Woods v. Morgan
This text of 72 F. App'x 725 (Woods v. Morgan) is published on Counsel Stack Legal Research, covering Court of Appeals for the Ninth Circuit primary law. Counsel Stack provides free access to over 12 million legal documents including statutes, case law, regulations, and constitutions.
Opinion
MEMORANDUM
Washington state prisoner El Trevino Woods appeals pro se the district court’s denial of his 28 U.S.C. § 2254 habeas corpus petition, which challenges his convictions for murder, attempted murder, and assault. We have jurisdiction pursuant to 28 U.S.C. § 2253(a). Reviewing de novo, [726]*726Alvarado v. Hill, 252 F.3d 1066, 1068 (9th Cir.2001), we affirm.

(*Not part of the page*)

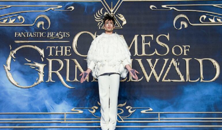 El actor, que interpreta a Credence Barebone en la película, fue fotografiado en Cineworld Leicester Square el pasado martes 13 de noviembre vestido como el famoso pájaro ‘Hedwig’.

Woods contends that his rights under the Confrontation Clause were violated when the trial court precluded admission of the gang affiliations of the state’s witnesses on cross-examination. However, the Washington Court of Appeals concluded that, given the apparent nature of Woods’s intended use of this evidence and the fact that Woods was able to impeach these witnesses by other means, the trial court’s decision was a proper exercise of that court’s discretion to limit introduction of unfairly prejudicial evidence. That conclusion was not contrary to or an unreasonable application of federal law as clearly established by the Supreme Court. See 28 U.S.C. § 2254(d)(1); Delaware v. Van Arsdall, 475 U.S. 673, 679, 106 S.Ct. 1431, 89 L.Ed.2d 674 (1986) (stating that trial judges retain “wide latitude” to place limits on cross-examination to alleviate unfair prejudice and that the Confrontation Clause is not violated by reasonable such limitations). The district court therefore properly denied Woods’s petition.1
AFFIRMED.
This disposition is not appropriate for publication and may not be cited to or by the courts of this circuit except as provided by Ninth Circuit Rule 36-3.